Input material -
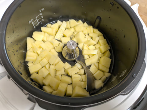 皮を剥いたじゃがいもを切って、コンソメと水を入れたらあとはスイッチを押すだけ。約30分後には、加熱と潰す工程が完了します。
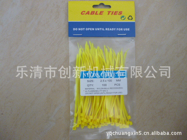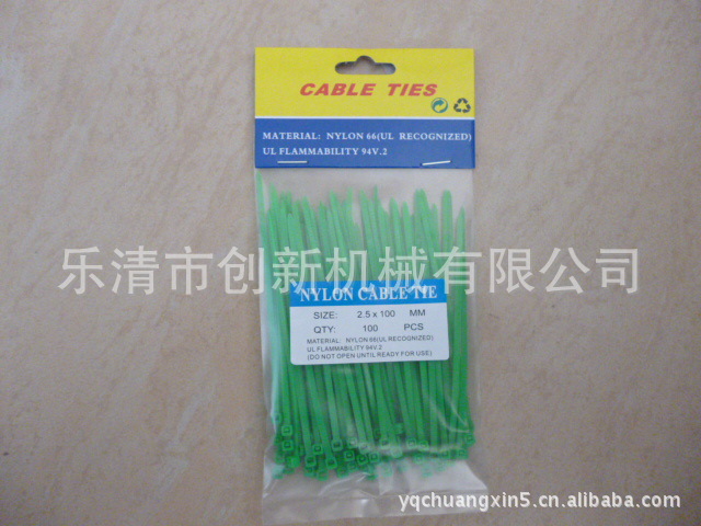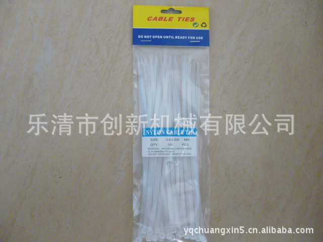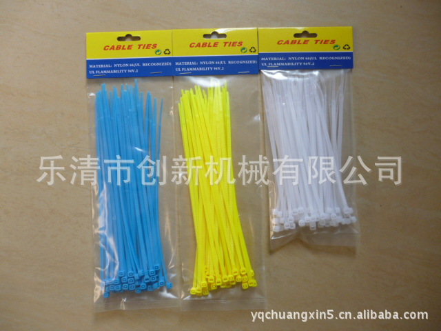 尼龙扎带也称为:扎带、扎线、束线带、扎线带 尼龙扎带广泛应用于电子厂、捆扎电视机、电脑内部连接线,灯饰、电机、电子玩具等产品内部线路的固定,机械设备油路管道的固定,船舶上电缆线路的固定,自行车整车包装或捆绑其他物体,也可用于农业、园艺、手工艺品等捆扎物品。还可广泛用于圣诞礼品厂、电子厂、线材加工厂、电线电缆、玩具厂、喜庆节日、 文具百货、生鲜超市、民居日用、电工电器、接插件等物品的捆扎。尼龙扎带具有绑扎迅速、绝缘性好、自锁禁锢、使用方便等特点,能够有效提高工人的工作效率,降低生产成本。 尼龙扎带采用UL认可尼龙PA66(Nylon 66)材料注塑制成,防火等级94V-2,具有良好的耐酸、腐蚀、绝缘性,不易老化、承受力强。操作温度为-40℃到+85℃ 你好,我们是乐清市创新机械有限公司,我们供应尼龙扎带。 乐清市创新机械有限公司是一家专业生产和销售各种配线器材的企业,主要有各种高品质的尼龙扎带、钢钉线卡、接线端子、压线帽、电缆螺旋接头、配线槽、电线标志号码管、缠绕管、束带固定座 (定位片)电线固定夹、冷压端子等电子类塑料附件;产品广泛应用于电力、机床、工程安装、包装、机械行业、自动化设备及通讯、电脑电气等行业。其中尼龙扎带广泛应用于其他各种需要进行捆扎的场合。作为一种理想的捆扎材料,尼龙扎带给我们的日常生活带来了极大的方便。服务热线:15825688735
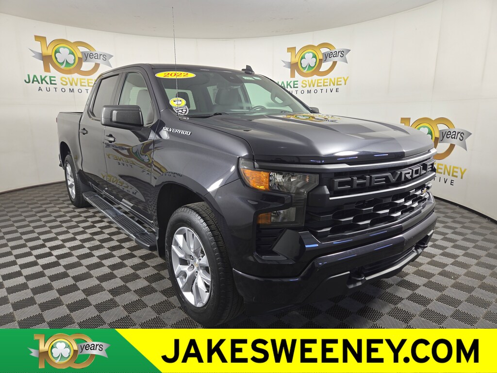 Jake Sweeney Is Here to Help! If you are in need of a new or used vehicle, we are offering you the ability to shop online and have your vehicle delivered to your home. Dark Ash Metallic 2022 Chevrolet Silverado 1500 Custom 4WD 8-Speed Automatic 2.7L Turbo LIFETIME POWERTRAIN WARRANTY, 8-Speed Automatic, 4WD, Jet Black Cloth, 10-Way Power Driver Seat w/Lumbar, 120-Volt Bed Mounted Power Outlet, 120-Volt Instrument Panel Power Outlet, 3.5" Monochromatic Display Driver Info Center, Bluetooth® For Phone, Chevrolet Connected Access Capable, Color-Keyed Carpeting Floor Covering, Compass, Custom Convenience Package, Custom Value Package, Deep-Tinted Glass, Dual Rear USB Ports (Charge Only), Electric Rear-Window Defogger, Electrical Steering Column Lock, Electronic Cruise Control, EZ Lift Power Lock & Release Tailgate, Front Frame-Mounted Black Recovery Hooks, Front Rubberized Vinyl Floor Mats, HD Rear Vision Camera, Hitch Guidance, LED Cargo Area Lighting, Manual Tilt Wheel Steering Column, OnStar & Chevrolet Connected Services Capable, Power Front Windows w/Driver Express Up/Down, Power Front Windows w/Passenger Express Down, Power Rear Windows w/Express Down, Preferred Equipment Group 1CX, Rear 60/40 Folding Bench Seat (Folds Up), Rear Rubberized-Vinyl Floor Mats, Remote Keyless Entry, Remote Vehicle Starter System, SiriusXM Radio, Standard Tailgate, Theft Deterrent System (Unauthorized Entry), Trailering Package, Wi-Fi Hot Spot Capable, Wireless Phone Projection.Odometer is 7836 miles below market average!
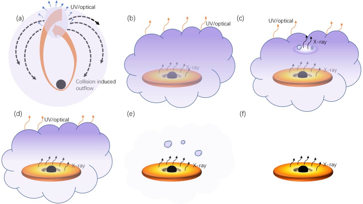 研究人员在第一种图像下,对X射线延迟于紫外光学辐射并出现“间歇性”辐射的现象进行了解释。研究团队认为,碎片流撞击除了产生“鼓包”之外,还产生了外流抛射物,这些物质把吸积盘内区遮蔽,并吸收了软X射线光子,通过再处理过程将其转化成紫外光学辐射。由于遮蔽物质分布不均匀,后期局部开始变得光学薄,使得X射线“泄漏”出来,又因为物质围绕黑洞运动,导致了“间歇性”特征(见图3)。
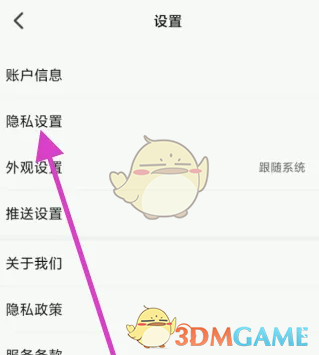 3、進(jìn)入設(shè)置頁面后,點(diǎn)擊“隱私設(shè)置”選項(xiàng)。
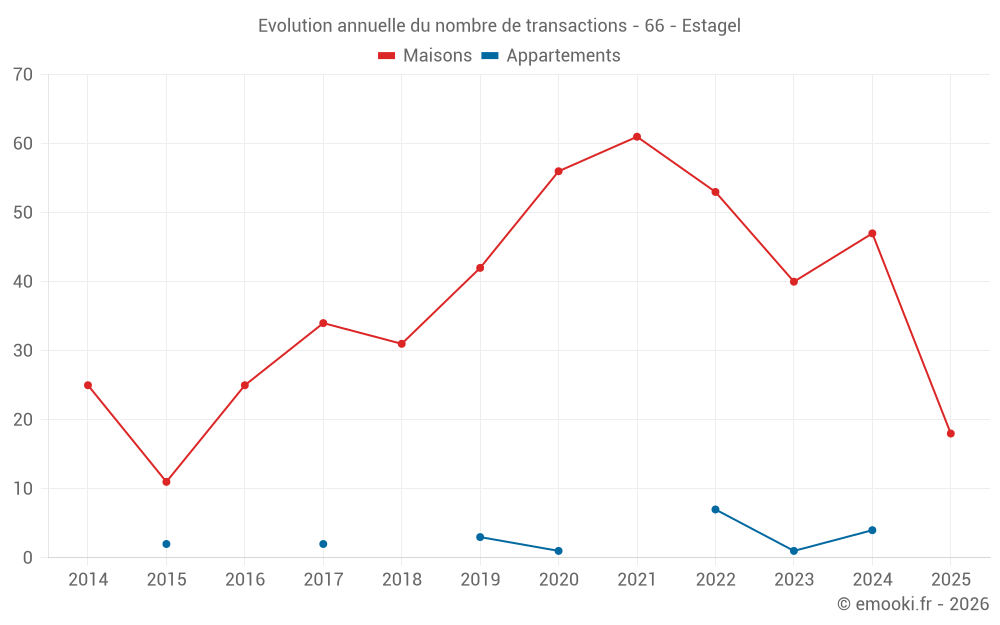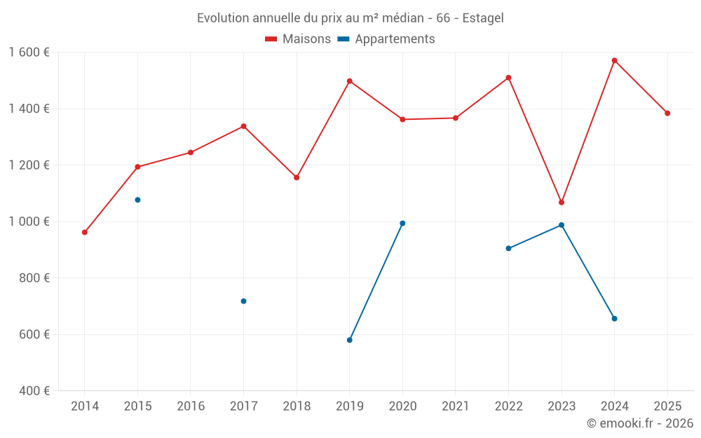 Le prix médian sur les 18 transactions de maisons des 6 derniers mois dans la commune d'Estagel était de 1 384 € par mètre carré pour une valeur foncière médiane de 91 000 €. Sur cette période 60% des transactions se sont situées entre 972 et 1 753 € par mètre carré (du 2ème au 8ème déciles).
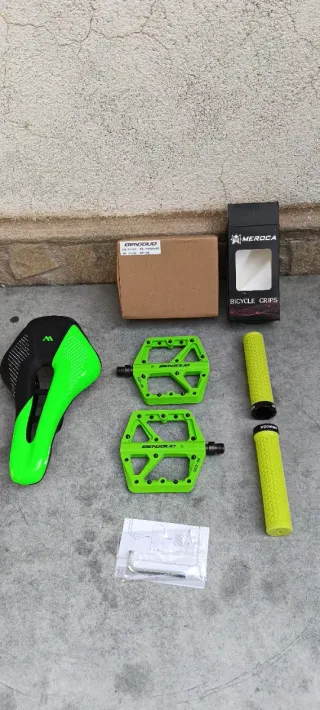 artículo nuevo a estrenar. deja guapa tu bicicleta con este juego que te ofrezco. se compone de lo siguiente: - sillín de gel West Biking bicolor en negro/verde con canal antiprostatico. - puños de goma MEROCA con abrazaderas. - pedales BENGGUD BJ-4220 de plataforma con pines intercambiables. más artículos en mi perfil. taller resucitabicis.

Work task - Give the data again exactly as written, with all pictures left out.

Reply -
 皮を剥いたじゃがいもを切って、コンソメと水を入れたらあとはスイッチを押すだけ。約30分後には、加熱と潰す工程が完了します。
 尼龙扎带也称为:扎带、扎线、束线带、扎线带 尼龙扎带广泛应用于电子厂、捆扎电视机、电脑内部连接线,灯饰、电机、电子玩具等产品内部线路的固定,机械设备油路管道的固定,船舶上电缆线路的固定,自行车整车包装或捆绑其他物体,也可用于农业、园艺、手工艺品等捆扎物品。还可广泛用于圣诞礼品厂、电子厂、线材加工厂、电线电缆、玩具厂、喜庆节日、 文具百货、生鲜超市、民居日用、电工电器、接插件等物品的捆扎。尼龙扎带具有绑扎迅速、绝缘性好、自锁禁锢、使用方便等特点,能够有效提高工人的工作效率,降低生产成本。 尼龙扎带采用UL认可尼龙PA66(Nylon 66)材料注塑制成,防火等级94V-2,具有良好的耐酸、腐蚀、绝缘性,不易老化、承受力强。操作温度为-40℃到+85℃ 你好,我们是乐清市创新机械有限公司,我们供应尼龙扎带。 乐清市创新机械有限公司是一家专业生产和销售各种配线器材的企业,主要有各种高品质的尼龙扎带、钢钉线卡、接线端子、压线帽、电缆螺旋接头、配线槽、电线标志号码管、缠绕管、束带固定座 (定位片)电线固定夹、冷压端子等电子类塑料附件;产品广泛应用于电力、机床、工程安装、包装、机械行业、自动化设备及通讯、电脑电气等行业。其中尼龙扎带广泛应用于其他各种需要进行捆扎的场合。作为一种理想的捆扎材料,尼龙扎带给我们的日常生活带来了极大的方便。服务热线:15825688735
 Jake Sweeney Is Here to Help! If you are in need of a new or used vehicle, we are offering you the ability to shop online and have your vehicle delivered to your home. Dark Ash Metallic 2022 Chevrolet Silverado 1500 Custom 4WD 8-Speed Automatic 2.7L Turbo LIFETIME POWERTRAIN WARRANTY, 8-Speed Automatic, 4WD, Jet Black Cloth, 10-Way Power Driver Seat w/Lumbar, 120-Volt Bed Mounted Power Outlet, 120-Volt Instrument Panel Power Outlet, 3.5" Monochromatic Display Driver Info Center, Bluetooth® For Phone, Chevrolet Connected Access Capable, Color-Keyed Carpeting Floor Covering, Compass, Custom Convenience Package, Custom Value Package, Deep-Tinted Glass, Dual Rear USB Ports (Charge Only), Electric Rear-Window Defogger, Electrical Steering Column Lock, Electronic Cruise Control, EZ Lift Power Lock & Release Tailgate, Front Frame-Mounted Black Recovery Hooks, Front Rubberized Vinyl Floor Mats, HD Rear Vision Camera, Hitch Guidance, LED Cargo Area Lighting, Manual Tilt Wheel Steering Column, OnStar & Chevrolet Connected Services Capable, Power Front Windows w/Driver Express Up/Down, Power Front Windows w/Passenger Express Down, Power Rear Windows w/Express Down, Preferred Equipment Group 1CX, Rear 60/40 Folding Bench Seat (Folds Up), Rear Rubberized-Vinyl Floor Mats, Remote Keyless Entry, Remote Vehicle Starter System, SiriusXM Radio, Standard Tailgate, Theft Deterrent System (Unauthorized Entry), Trailering Package, Wi-Fi Hot Spot Capable, Wireless Phone Projection.Odometer is 7836 miles below market average!
 研究人员在第一种图像下,对X射线延迟于紫外光学辐射并出现“间歇性”辐射的现象进行了解释。研究团队认为,碎片流撞击除了产生“鼓包”之外,还产生了外流抛射物,这些物质把吸积盘内区遮蔽,并吸收了软X射线光子,通过再处理过程将其转化成紫外光学辐射。由于遮蔽物质分布不均匀,后期局部开始变得光学薄,使得X射线“泄漏”出来,又因为物质围绕黑洞运动,导致了“间歇性”特征(见图3)。
 3、進(jìn)入設(shè)置頁面后,點(diǎn)擊“隱私設(shè)置”選項(xiàng)。
 Le prix médian sur les 18 transactions de maisons des 6 derniers mois dans la commune d'Estagel était de 1 384 € par mètre carré pour une valeur foncière médiane de 91 000 €. Sur cette période 60% des transactions se sont situées entre 972 et 1 753 € par mètre carré (du 2ème au 8ème déciles).
 artículo nuevo a estrenar. deja guapa tu bicicleta con este juego que te ofrezco. se compone de lo siguiente: - sillín de gel West Biking bicolor en negro/verde con canal antiprostatico. - puños de goma MEROCA con abrazaderas. - pedales BENGGUD BJ-4220 de plataforma con pines intercambiables. más artículos en mi perfil. taller resucitabicis.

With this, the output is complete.